Here I used the earlier defined IId
interface IChangeableSet<T> : IQueryable<T> : where T: IId
{
public T Get(int id)
public T Add(T item);
public T Remove(int Id);
public T Remove(T item);
}
class DbSet<T> : IChangeableSet<T> : where T: IId
{
public DbSet(System.Data.Entity.IDbset<T> dbSet)
{
this.dbset = dbSet
}
private readonly System.Data.Entity.IDbSet<T> dbSet;
public T Get(int id)
{
return this.DbSet.Where(item => item.Id == id).SingleOrDefault();
// here is where I uses that all items implement IId
}
public T Add(T item)
{
return this.dbSet.Add(item);
}
... // TODO: fill the other functions
}
The SchoolRepository implements this interface (preferrably explicit implementatin)
class ChangeableSchoolRepository : IDisposable, ISchoolQuerier
{
public ChangeableSchoolRepository(SchooldDbContext dbContext)
{
this.schoolDbContext = dbContext;
}
private readonly SchoolDbContext;
public IChangeableSet<Teacher> Teachers
{
get {return new DbSet(dbContext.Teachers);}
}
... // etc for Students / Grades
public void SaveChanges()
{
return this.SchoolDbcontext.SaveChanges();
}
}
I now use the following solution. In general, I encapsulated the functionality of EF and IQueryable that I require in three proxy objects.

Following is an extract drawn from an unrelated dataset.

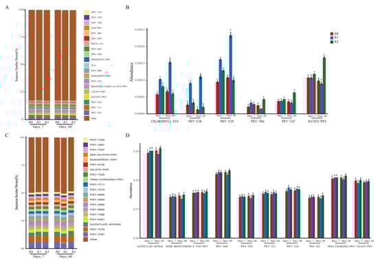 Soil microflora plays a vital role in the agro-ecosystem []; therefore, further analysis of the impacts of BR and TBM on the soil ecological functions metabolic pathways of bacterial 16s and fungal ITS sequencing data was conducted using the KEGG database (Figure 6). At the L1 level, the proportion of bacterial metabolism was the highest (75.4–75.8%). This was followed by genetic information processing (9.7–9.9%) and cellular processes (5.5–5.7%). Finally, for human diseases, there was organismal systems and environmental information processing. The main pathways of microbial metabolism mapped to the L2 level were amino acid metabolism, carbohydrate metabolism, coenzyme factor, vitamin metabolism, other amino acid metabolisms, lipid metabolism, etc. At the L3 level, 394 signaling pathways were mapped, including valine, leucine, and isoleucine biosynthesis; biosynthesis of terpenoids and steroids; synthesis and degradation of ketone bodies; lipoic acid metabolism; and fatty acid biosynthesis and other metabolic pathways. It is worth noting that there were significant differences in six pathways of MetaCyc, in which A1 treatment increased in the CHLOROPHYLL-SYN (chlorophyllide a biosynthesis I (aerobic, light-dependent), PWY-5198 (factor 420 biosynthesis), and PWY-5529 (super pathway of bacteriochlorophyll a biosynthesis) pathways, and A2 treatment significantly increased in the PWY-7084 (nitrifier denitrification), PWY-7347 (sucrose biosynthesis III), and SUCSYN-PWY (sucrose biosynthesis I (from photosynthesis)) pathways. Fungi sequencing information was mapped to the composition of functional genes, and metabolic pathways were analyzed in the MetaCyc database. The top 20 signaling pathways for fungal abundance included aerobic respiration I (cytochrome c, PWY-3781), aerobic respiration II (cytochromec, yeast, PWY-7279), GLYOXYLATE cycle (GLYOXYLATE BYPASS), triphosphate inositol biosynthesis (PWY-6351), and β-fatty acid oxidation (peroxisome, yeast, PWY-7288). The difference analysis of the MetaCyc pathway showed that GLYOXYLATE BYPASS in the A2 treatment was significantly higher than in the A0 treatment. For A1, pathway I (PWY-7228) for the de novo biosynthesis of guanosine nucleotides was increased considerably, while GLYOXYLATE-BYPASS, tricarboxylic acid cycle II (PWY-5690), tRNA-charging-PWY, and TRNA-CHARGING-PWY increased. In conclusion, brassinosteroids significantly altered some ecological functions related to metabolism.

Instead of using the EF DbContext directly, I now use a proxy object (the DataStore class) that offers me the DbSets (repositories).
The EF DbSets exposed by the DbContext I wrapped into a generic Repository, which exposes the functionality required to work with the data. The Repository itself is derived from DbQueryProxy which proxies the EF DbQuery.
Now I can comfortably work with the data in a familiar way:
using (var db = new DataStore())
{
var students = db.Students.DoSomeLinq(...);
var teachers = db.Teachers.SomeLinq(...);
// do some work ...
// note: The entities in students and teachers are still bound to the DbContext internal to DataStore!
// optional
db.SaveChanges();
}
DataStore:
public class DataStore : IDisposable
{
private readonly DbContext _dbContext;
#region constructors
public DataStore()
{
_dbContext = new DbContext();
}
#endregion constructors
internal DbContext Context => _dbContext;
public void RemoveRange<TEntity>(IEnumerable<TEntity> entities) where TEntity : EntityBase => _dbContext.RemoveRange(entities);
#region db sets
public Repository<Teacher> Teachers => _dbContext.Teachers; // implicit type conversion from DbSet<TEntity> to Repository<TEntity>!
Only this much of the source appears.